A dispatcher (or content-controller factory) is able to provide either a model-specific controller, or a controller designed to work with multiple models (e.g. any model that has a particular extension attached), depending on its implementation.

Interface:

namespace SilverStripe\CMS\Controllers;

interface ModelAsControllerDispatch {
  /**
   * Returns the controller used to handle the given model
   * @return Controller 
   * @throws OutOfBoundsException If the given model isn't handled by this controller
   */
  function controllerFor(DataObject $model);

  /**
   * Returns true if this dispatcher is able to provide a controller for the given model
   * @return boolean
   */
  function hasControllerFor(DataObject $model);
}

Class:

/**
 * Default mode-as-controller behaviour - suffixes the class with "_Controller" or "Controller"
 */
class DefaultModelAsControllerDispatch implements ModelAsControllerDispatch  { ... }

Built-in yaml:

SilverStripe\CMS\Controllers\ModelAsController:
  controller_dispatch:
   - SilverStripe\CMS\Controllers\DefaultModelAsControllerDispatch

Custom yaml:

SilverStripe\CMS\Controllers\ModelAsController:
  controller_dispatch:
   - Me\MyApp\SomeDispatcher

Resulting calls:

  • The controller_dispatch config setting is an array of services names
  • hasControllerFor() is called on each dispatcher in order until it returns true
  • controllerFor() is called on that dispatcher

With that in place we could provide a RemappedDispatch that had a config setting providing a number of namespace replacements to perform.

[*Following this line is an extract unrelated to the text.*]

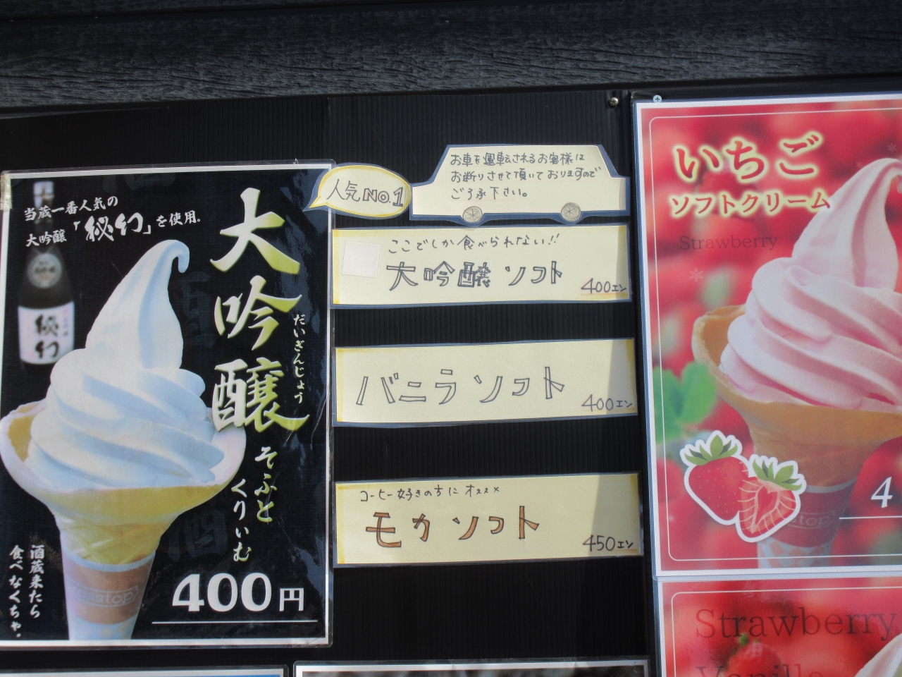 酒造店が経営するドライブインの駐車場にある仮設店舗で、いろいろなソフトクリームを販売しています。バニラ、イチゴ、モカなどの他に、酒造所ならではの『大吟醸ソフト』がこの店ならではのソフトクリームです。

SilverStripe\CMS\Controllers\ModelAsController:
  controller_dispatch:
   - SilverStripe\CMS\Controllers\RemappedDispatch

SilverStripe\CMS\Controllers\RemappedDispatch:
  namespace_mappings:
    Me\MyApp\Models: Me\MyApp\Controllers
  class_suffix: ""

You could also have a ModelSpecifiedDispatch that takes the coupled approach that was initially suggested:

<?php

/**
 * Allow models to provide a getFrontendController() method for their class
  */
class ModelDrivenDispatch implements ModelAsControllerDispatch {
  function hasControllerFor(DataObject $model)
  {
    return $model->hasMethod('getFrontendController');
  }

  function controllerFor(DataObject $model)
  {
    return $model->getFrontendController();
  }
}

There's been a lot of talk about this. Currently in SS4 you can use controller_name config in your DataObject to control this behaviour. Is that enough to close this issue?